What is expected:
An exact restatement is required. Cover only the lines of the records from the first through the line with "Pharmacie BlikjeHeel oud", and skip pictures.

+--

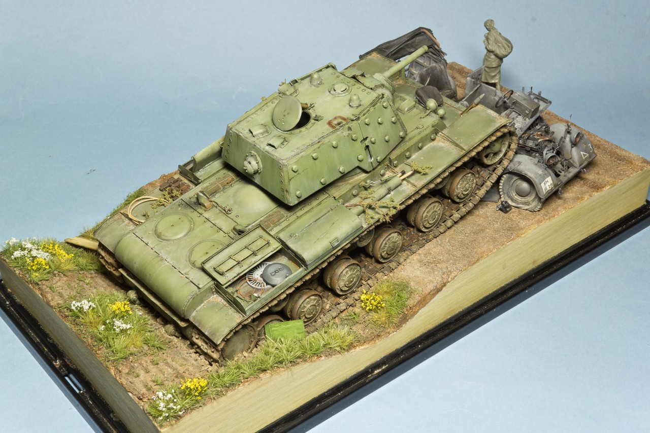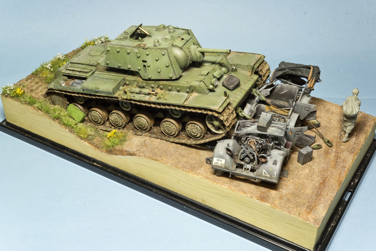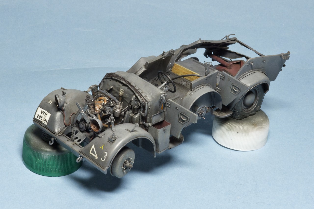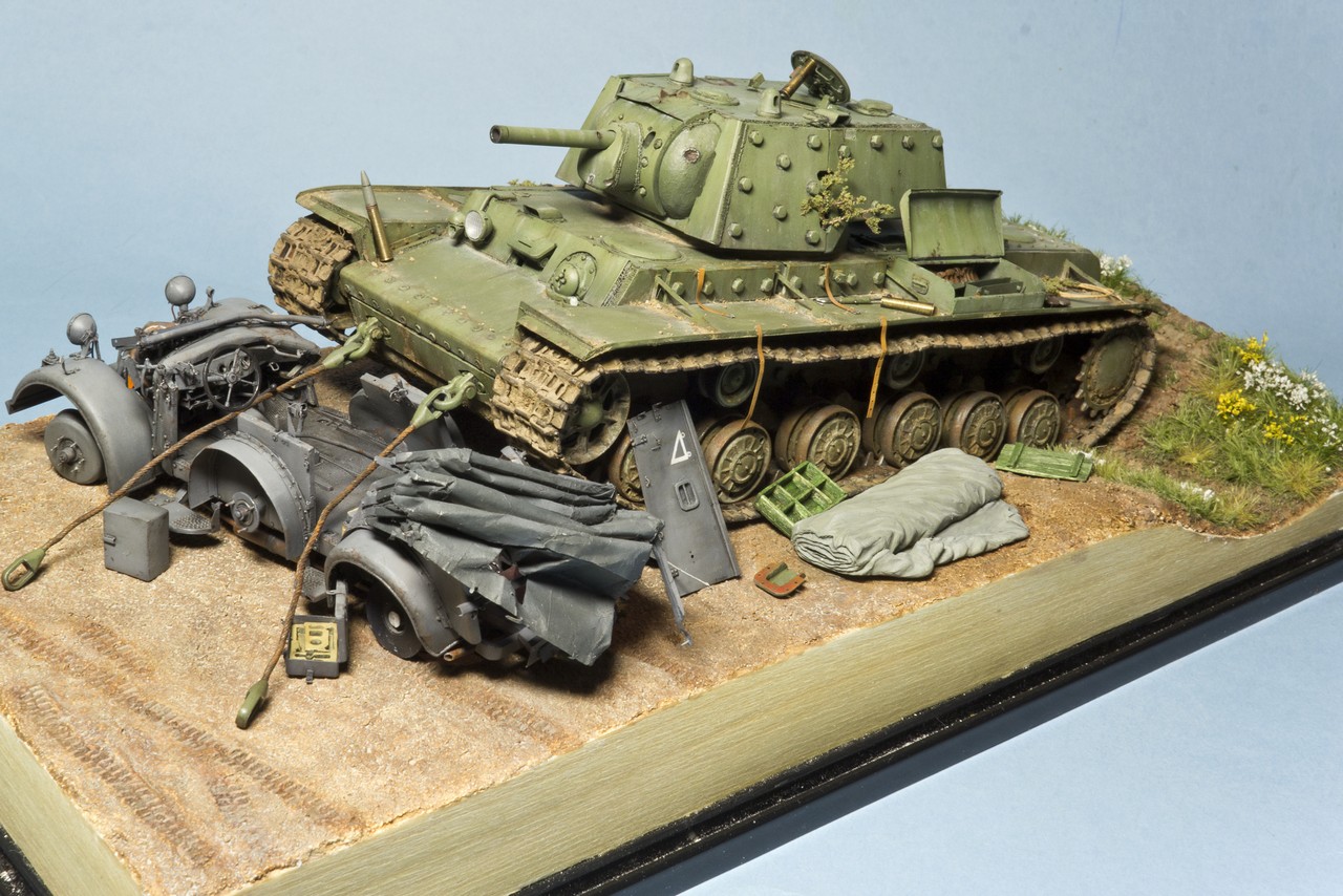Получается супер!!! Один вопрос- два троса прямо на Хорьхе- почему именно такое расположение?! Если танк сам наехал на автомобиль, а потом его (танк) пытались вытащить, то не легче было избавится от Хорьха, отбуксировав в сторону, а потом тащить танк? мысли вслух..
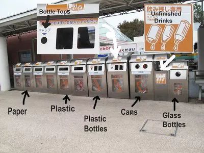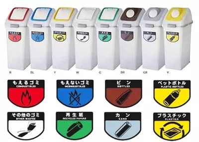 根據(jù)日本的垃圾分類法律,除了分為可燃和不可燃垃圾外,資源性垃圾還細(xì)分為塑料、紙張、舊報紙雜志、舊衣服、塑料飲料瓶、聽裝飲料瓶等等。另外,換電視、冰箱等家電還必須和收購商之類的專人聯(lián)系,并支付一定費用。大件的垃圾每年只能最多扔4件,否則需要另外付錢。
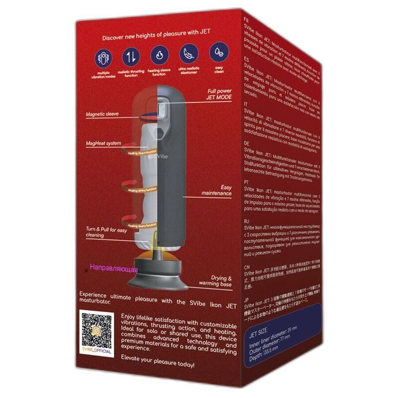 El SVibe Ikon JET incorpora una base calefactable que imita el calor corporal, elevando el nivel de realismo y aportando una sensación más natural e inmersiva. Además, esta base cuenta con función de secado, facilitando el mantenimiento del dispositivo y asegurando una higiene óptima tras cada uso.
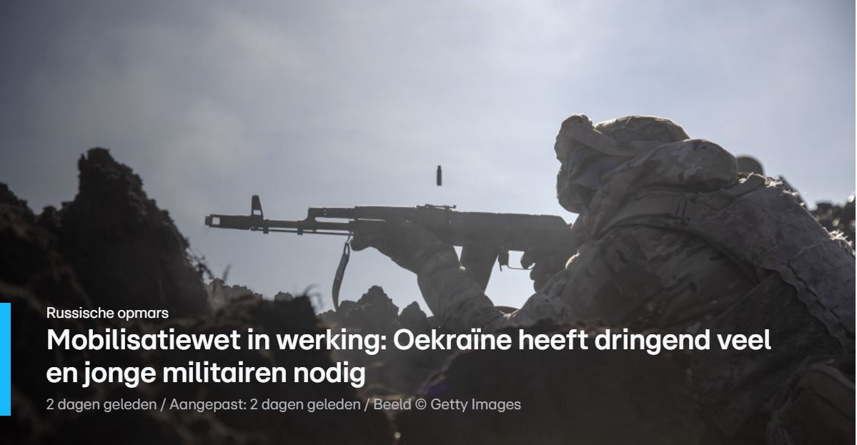 "De mobilisatie is acuut, vanwege de Russische opmars", zegt onze verslaggever in Oekraïne, Chris Colijn. "Oekraïne heeft dringend wapens nodig. Die komen eraan, nu Amerika toch dat miljardensteunpakket heeft toegezegd. En ook de beloofde F16's verwachten ze hier de komende tijd binnen te krijgen. Maar je hebt natuurlijk ook mensen nodig om die wapens te bedienen. En om te vechten."
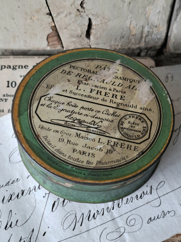 Pharmacie BlikjeHeel oud frans pharmacie blikje van pharmacien a Paris, L.Frere. Het blikje is geleefd verouderd. In het blikje zaten ooit tabletten tegen hoest.
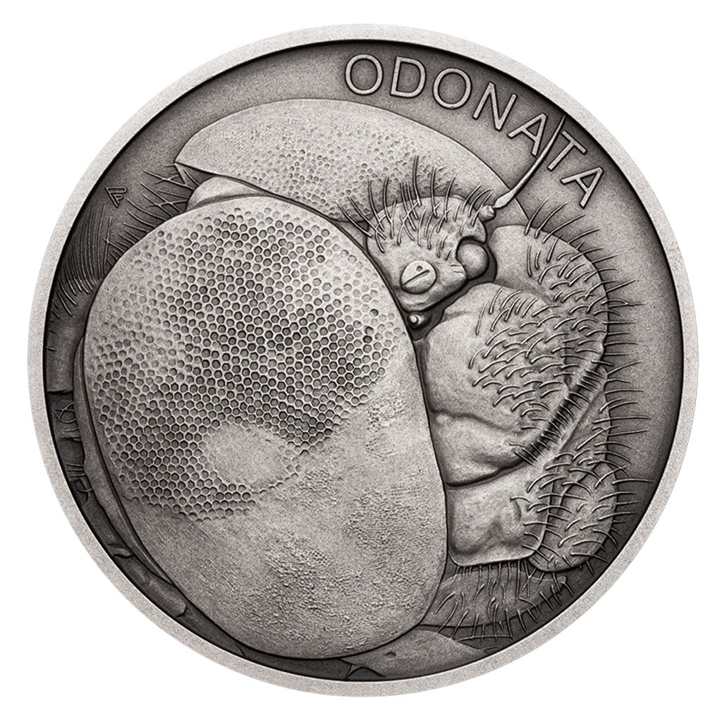 Medailér Petr Patka, DiS., vyobrazil na reverzní straně mince propracovaný detail hlavy vážky doplněný opisem ODONATA – tj. latinským názvem tohoto hmyzího řádu. Povrch mince je zkrášlený patinou, což dává vyniknout i těm nejjemnějším drobnostem – včetně jednotlivých oček. Autorem averzní strany, která je společná všem mincím z cyklu, je medailér David Kružliak. Kompozice averzu předkládá dvojici přírodních scenérií a atributy ostrova Niue, který České mincovně poskytuje zahraniční licenci k vydávání vlastních pamětních mincí. Jsou jimi profil a jméno panovnice Alžběty II., nominální hodnota 1 DOLLAR (NZD) a rok emise 2019.
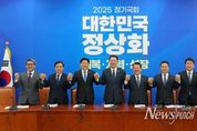 뉴스펀치 김용희 기자 | 이재명 대통령은 16일 오후 2시부터 2시간 넘게 대통령실 회의실에서 이재용 삼성전자 회장, 최태원 SK그룹 회장, 정의선 현대차그룹 회장, 구광모 LG그룹 회장, 여승주 한화그룹 부회장, 정기선 HD현대 수석부회장, 서정진 셀트리온 회장 등 경제인들과 산업부 장관 그리고 안보실장, 정책실장, 경제안보비서관 등이 참석한 가운데 '관세협상 후속 민관 합동회의'를 주재했다. 회의는 한미 관세협상이 마무리되면서 기업들의 국내 투자 확대, 수출 다변화, 중소기업과의 상생 협력 및 한미 투자 패키지를 활용한 대미 시장 진출과 양국 경제 협력 방안을 논의하기 위해 마련됐다. 간담회에서 이 대통령은 한미 통상 안보 협상 과정에서 가장 많이 애를 쓴 건 기업인들이라면서 기업인들의 헌신과 노력에 감사를 전했다. 동시에, 앞으로가 더욱 중요하다면서 경제 문제 해결의 첨병인 기업들이 자유롭게 활동할 수 있게 정부가 최선을 다하겠다 밝혔다. 더불어 대미 투자가 강화되면서 국내 투자가 줄지 않을까 하는 걱정이 없도록 국내 투자에 마음을 써 달라면서, 특히 지방 산업 활성화에 기업인들이 더 많은 관심을 가져 달라 당부했다. 또한 이 대통령은 노동없이 기업하기
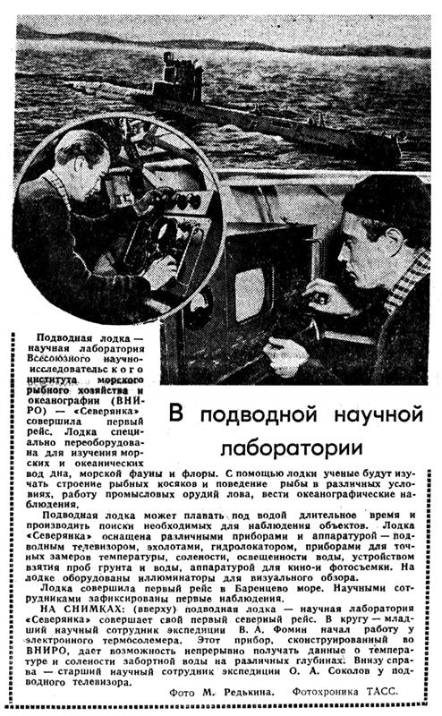 Подводная лодка — научная лаборатория Всесоюзного научно-исследовательского института морского рыбного хозяйств и океанографии (ВНИРО) — «Северянка» совершила первый рейс. Лодка специально переоборудована для изучения морских и океанических вод дна, морской фауны и флоры. С помощью лодки ученые будут изучать строение рыбных косяков и поведение рыбы в различных условиях, работу промысловых орудий лова, вести океанографические наблюдения.
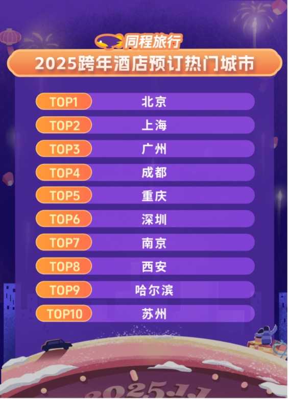 从具体数据来看,跨年的仪式感成为了最近两天的热门话题。同程旅行数据显示,北京成为2025年跨年酒店预订最热门的城市,上海、广州、成都、重庆、深圳、南京、西安、哈尔滨、苏州也位列榜单前十。同时,一批小众旅游目的地也受到了更多关注,如海南琼中、黑龙江伊春、辽宁辽阳、新疆克拉玛依等城市的酒店预订热度同比增长超过40%。

+--

Result for this task:
Получается супер!!! Один вопрос- два троса прямо на Хорьхе- почему именно такое расположение?! Если танк сам наехал на автомобиль, а потом его (танк) пытались вытащить, то не легче было избавится от Хорьха, отбуксировав в сторону, а потом тащить танк? мысли вслух..
 根據(jù)日本的垃圾分類法律,除了分為可燃和不可燃垃圾外,資源性垃圾還細(xì)分為塑料、紙張、舊報紙雜志、舊衣服、塑料飲料瓶、聽裝飲料瓶等等。另外,換電視、冰箱等家電還必須和收購商之類的專人聯(lián)系,并支付一定費用。大件的垃圾每年只能最多扔4件,否則需要另外付錢。
 El SVibe Ikon JET incorpora una base calefactable que imita el calor corporal, elevando el nivel de realismo y aportando una sensación más natural e inmersiva. Además, esta base cuenta con función de secado, facilitando el mantenimiento del dispositivo y asegurando una higiene óptima tras cada uso.
 "De mobilisatie is acuut, vanwege de Russische opmars", zegt onze verslaggever in Oekraïne, Chris Colijn. "Oekraïne heeft dringend wapens nodig. Die komen eraan, nu Amerika toch dat miljardensteunpakket heeft toegezegd. En ook de beloofde F16's verwachten ze hier de komende tijd binnen te krijgen. Maar je hebt natuurlijk ook mensen nodig om die wapens te bedienen. En om te vechten."
 Pharmacie BlikjeHeel oud frans pharmacie blikje van pharmacien a Paris, L.Frere. Het blikje is geleefd verouderd. In het blikje zaten ooit tabletten tegen hoest.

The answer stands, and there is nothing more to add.